Juliette Gréco : J'ai eu un choc quand j'ai vu Julien Clerc pour la première fois. Il avait pour lui l'extrême jeunesse, une nouvelle façon de se mouvoir, librement. J'ai aussi adoré Maxime Le Forestier. C'était des fleurs, ces gens-là... Ils voulaient le bonheur, ils parlaient du bonheur. Je n'y croyais pas, mais, n'empêche, ça faisait du bien.
Françoise Hardy : La chanson engagée ne m'intéresse pas. A mes yeux, la chanson est faite pour exprimer des émotions d'ordre sentimental. Dans ces années-là, il y a eu deux albums majeurs : Melody Nelson, de Gainsbourg, en 1971, pour sa couleur musicale et l'utilisation des cordes. Et Amoureuse, de Véronique Sanson, en 1972, pour son écriture mélodique et textuelle. J'ai eu l'impression que toutes les chanteuses (moi la première) étaient larguées.
Maxime Le Forestier : A l'époque, on écoutait tous Keith Jarrett comme des malades. C'est Véronique Sanson qui a fait la jonction entre ce type d'accompagnement et la langue française. On entendait aussi des chansons politiques – dans l'après-68, tout était politique – mais pas seulement : les émissions des Carpentier étaient plutôt rassurantes... Puis la famille québécoise est arrivée, Charlebois, Diane Dufresne, Beau Dommage : ils étaient les premiers à chanter en joual, le parler québécois ; ils avaient une utilisation plus intelligente que nous des ensembles basse-batterie-guitare électrique ; une conception du show très différente, à l'américaine, d'énormes machineries avec effets spéciaux.
Daniel Darc : Adolescent, j'allais en Angleterre dans une famille, et les parents me demandaient : « Alors Daniel, vous préférez Slade ou Sweet ? » J'hallucinais.
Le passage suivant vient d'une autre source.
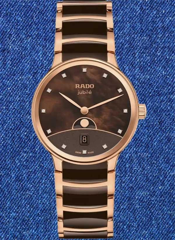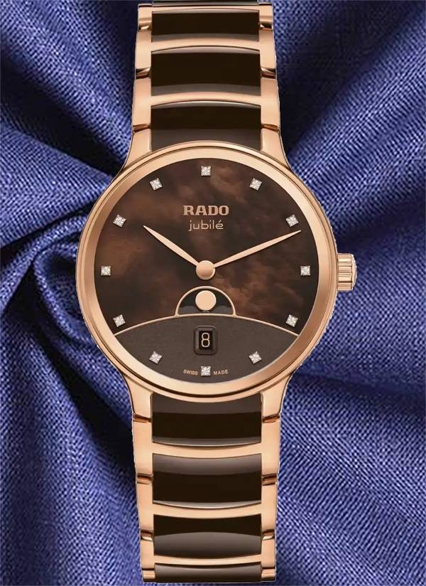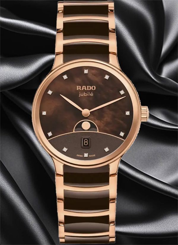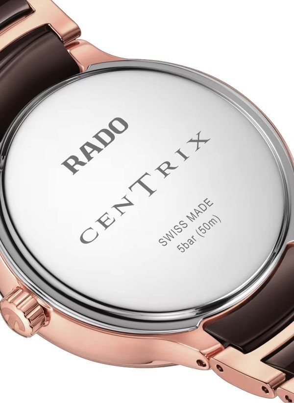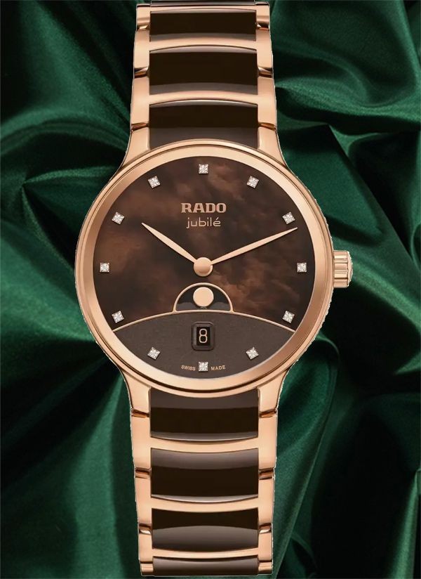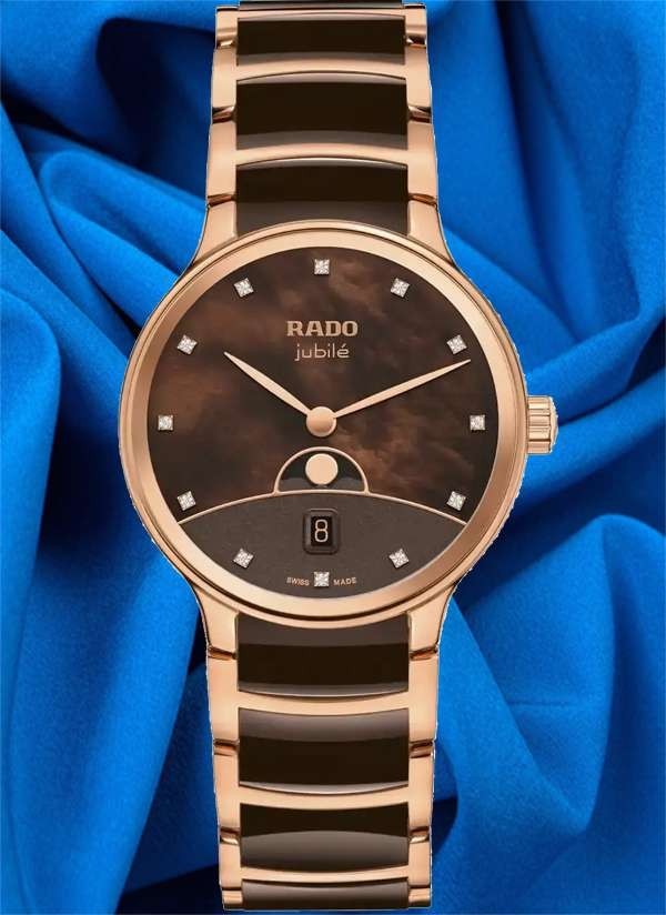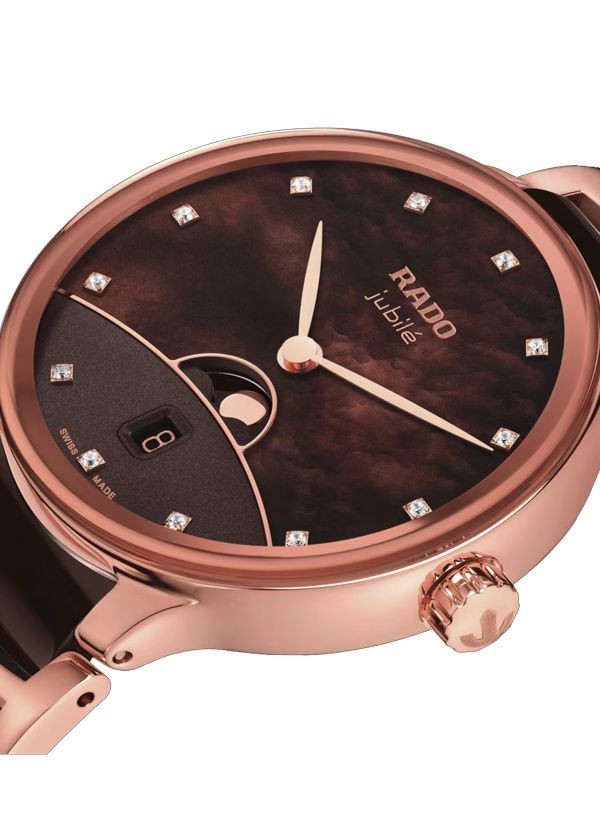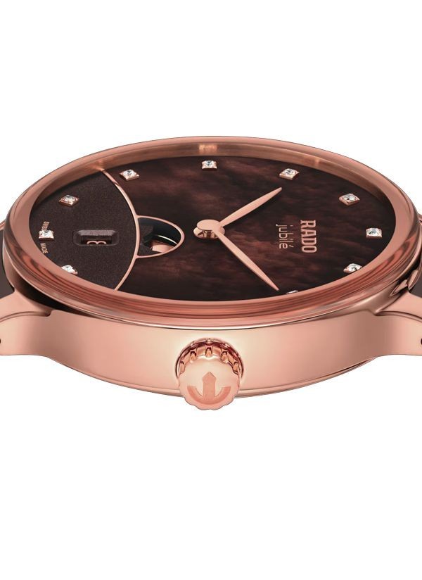 Zegarek Rado Centrix Moonphase precyzyjnie odmierza czas i śledzi cykl księżycowy, stanowiąc ponadczasowe i eleganckie uzupełnienie kolekcji Rado. Zakrzywione szkło szafirowe z podwójną powłoką antyrefleksyjną oraz środkowe ogniwa bransolety z ceramiki high-tech gwarantują trwałość i komfort użytkowania zegarka. Dzięki zaawansowanym materiałom opracowanym przez Rado zegarek przez długi czas zachowuje wygląd jak nowy, podkreślając trwałość i jakość wykonania. Połączenie symboliki ziemi, brązowego nieba z masy perłowej, horyzontu w odcieniu różowego złota oraz fazy Księżyca sprawia, że tarcza zegarka jawi się jako prawdziwe dzieło sztuki. Nakładany Księżyc z polerowanego metalu wyraźnie odcina się na tle tarczy, przyciągając wzrok i podkreślając wyjątkowy charakter zegarka. Całość dopełnia 12 diamentów klasy Top Wesselton (VS–SI), podkreślających luksusowy i biżuteryjny charakter zegarka. Środkowe ogniwa bransolety z brązowej ceramiki high-tech są wyjątkowo przyjemne w dotyku i komfortowo układają się na skórze. Zegarek jest nie tylko wyjątkowo komfortowy w noszeniu, lecz także niezwykle trwały, zaprojektowany z myślą o wieloletnim użytkowaniu. Detale w odcieniu różowego złota subtelnie dopełniają całość, nadając zegarkowi elegancki i wyrafinowany charakter. Ten model z pewnością wyróżni swojego właściciela, podkreślając jego indywidualny styl i wyczucie elegancji. Kwarcowy mechanizm Rado R084 z dwiema wskazówkami, datownikiem oraz wskaźnikiem fazy Księżyca zapewnia wysoką precyzję i niezawodność działania.

En France, on avait juste Guy Lux et Ringo Willy Cat. Il a fallu attendre Higelin et BBH 75, pour que je puisse apprécier un truc en français. Pourtant, Véronique Sanson avait fait des choses excellentes sur ses premiers albums. « Pauvre maudit, ta douleur efface ta faute. » J'adore, je me sens maudit, moi aussi. Toute ma culture m'est venue par le rock. Patti Smith, notamment, qui citait les poètes et les musiciens à tout bout de champ, m'a ouvert la voie. Genet, Verlaine, tout ça...
Dominique A : On baignait dans la variété. Qu'on l'aime ou pas, on n'entendait que ça. Pourtant, elle ne m'a pas trop marqué. Je revois mes parents râler devant Danièle Gilbert. Et moi d'aller dans leur sens : « Oui, c'est catastrophique. » J'ai été élevé dans la chanson française de qualité. Seule exception, mon père adorait un 45-tours de Demis Roussos, Mourir auprès de mon amour. Je sentais bien que ça ne cadrait pas avec le reste, le triumvirat sacré — Brel, Brassens, Ferré avec Ferrat en quatrième mousquetaire. J'écoutais les hits sur Europe 1, en étant hyper sélectif.
Benjamin Biolay : A la fin des années 1970 est arrivé Charlélie Couture. Naturellement à part. Il essayait des choses, il voyageait. Ses chansons avaient un début et une fin : on y voyait toute l'histoire des personnages, même la lumière. Vocalement, il était extrêmement à l'aise, avec un parti pris arty permanent. Un grand artiste. Je me disais qu'un jour je ferais son job.